В школьное окно смотрят облака,
Бесконечным кажется урок,
Слышно, как скрипит
Пёрышко слегка
И ложатся строчки на листок.

Первая любовь, юные года,
В лужах голубых - стекляшки льда…
Не повторяется,
не повторяется,
не повторяется такое никогда…

Песенка дождя катится ручьём,
Шелестят зелёные ветра…
Ревность без причин,
Споры ни о чём -
Это было будто бы вчера.

Мимолётный взгляд удивлённых глаз
И слова - туманные чуть-чуть.
После этих слов
В самый первый раз
Хочется весь мир перевернуть.

Первая любовь, снег на проводах,
В небе - промелькнувшая звезда…
Не повторяется,
не повторяется,
не повторяется такое никогда…

С. Туликов

* * *

Спокойной ночи у нас не получилось. Вернее - не получилось у меня.

Я проснулся от стремительного ощущения падения - и схватился обеими руками за края кровати, а на самом деле - за широкий сук, на котором лежал верхней частью тела. Говорят, что такое снится, когда во сне растёшь, и я, ещё толком не очнувшись, вроде бы даже вспомнил свой сон.

Но тут же забыл его. Какой тут сон, когда наяву творились вещи почуднее!

Сперва мне показалось, что за деревьями мельтешат светлячки - только какие-то разноцветные и излишне активные. Но это потому, что я ещё до конца не проснулся. В следующий миг до меня дошло, что это на самом деле очень далеко - километров за тридцать, не меньше! - и никакие это не светлячки.

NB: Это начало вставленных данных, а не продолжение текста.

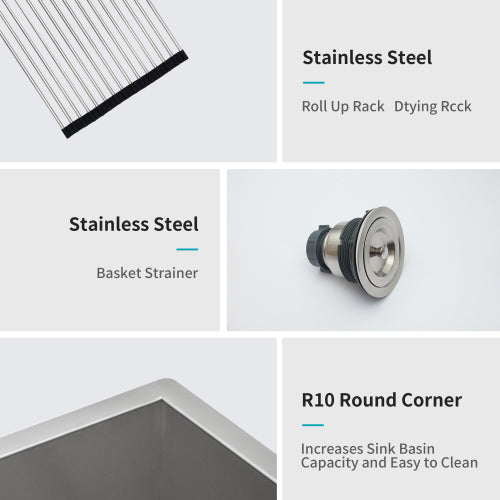 - [Included in the Package]Comes with this kitchen sink: 1 x 304 stainless steel dish grid, 1 x drain assembly, 1 x drying rack,1 x installation clips, 1 x cutout template and installation Guide.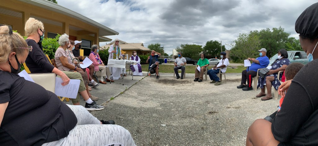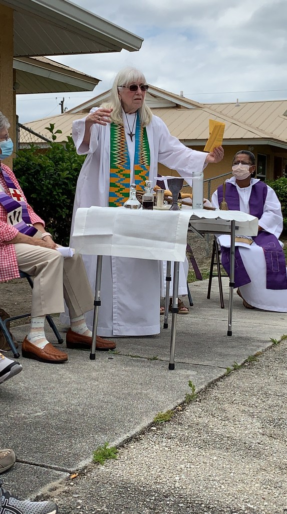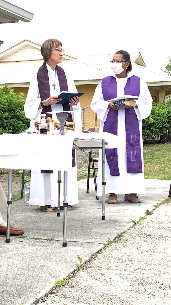 These words from an old hymn describe best the feelings of all of the members and Pastors of our Good Shepherd Inclusive Catholic Community in Fort Myers Florida, as we met for the first time since Covid 19 invaded over a year ago! Three Roman Catholic Woman Priest Pastors presided assisted by Pastor Sarah Faulkner from The Abundant Grace Fellowship that also serves the homeless population here. I, with great thanks, am Senior Pastor and my Associates are Rvda. Marina Teresa Sanchez Mejia, RCWP originally or Colombia, SA and Rev. Judith McKloskey, RCWP of Kansas City Missouri who is with us seasonally. Thanks be to God for those who serve and for this congregation many of whom have been together since 2007.

Трассирующие пули, как в кино про войну - вот что это такое. Только не так густо, как показывают в фильмах; то тут, то там, реденько.

Честно - я обалдел. Так, сидя и остолбенел, даже рот приоткрыл, наблюдая за бесшумным - расстояние было точно большим - полётом цветных точек. Это могло значить одно - люди тут есть…

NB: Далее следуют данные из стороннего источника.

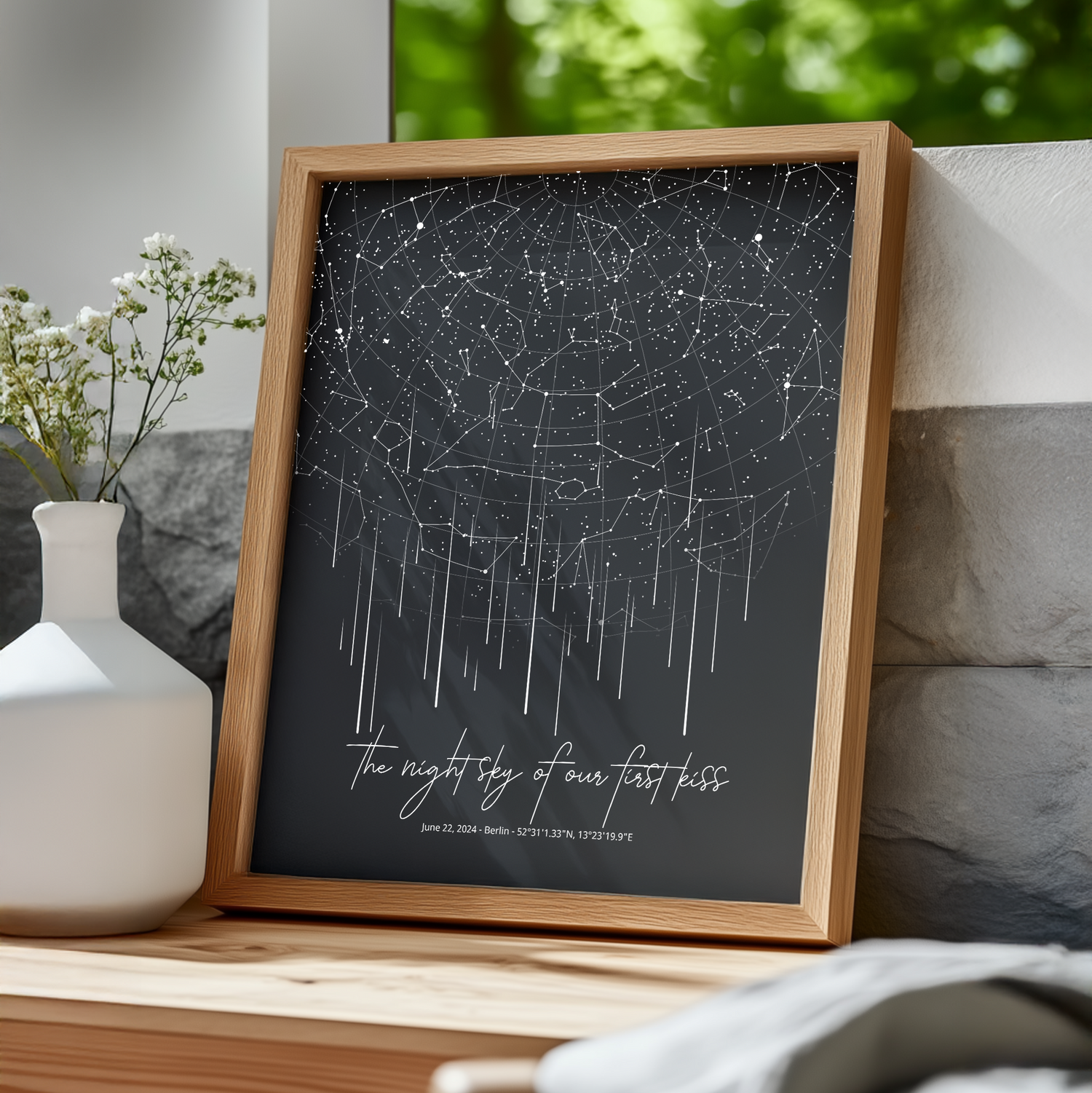 That moment! The one you’ll never forget. Maybe it was filled with laughter, a long hug under the stars, or that life-changing “yes.” Now, you can relive it every day with this exclusive star map design, only available at Momentus.

…точнее, это ещё значило, что у этих людей имеется оружие посерьёзнее мечей. Неясным оставалось лишь одно: что это за люди. А это-то как раз и было самым важным, если честно.

Стрельба продолжалась совсем недолго. Кроме того, она не могла меня разбудить. Так от чего же я проснулся?

Всё это время я лежал неподвижно, повинуясь какому-то инстинкту, появившемуся внезапно и очень кстати.

Потом внизу - там, где мы жгли костёр - зашуршал пепел. Хрустнули полусгоревшие ветви. И уже беззвучно проплыли куда-то в сторону тени.

Раз. Два. Три… Семь. Восемь… Двенадцать.

Страх отпустил меня не сразу, оставив после себя унизительный холодный пот, спазмы в желудке и кислятину во рту. Я не знаю, кого видел, даже очертаний толком не различил. Знаю, что избежал смертельной опасности. Каким-то чудом…

Мне пришлось пересилить себя, чтобы спуститься с дерева - да и то я выждал чуть ли не полчаса, не опасаясь, что усну. Страх не давал… Подсвечивая зажигалкой, всмотрелся в пепел.

Он был истоптан - в нескольких местах отпечатались следы. Не звериные… но и не очень похожие на людские. Какие-то нечёткие, словно оставлявшие их были обуты в бесформенную обувь.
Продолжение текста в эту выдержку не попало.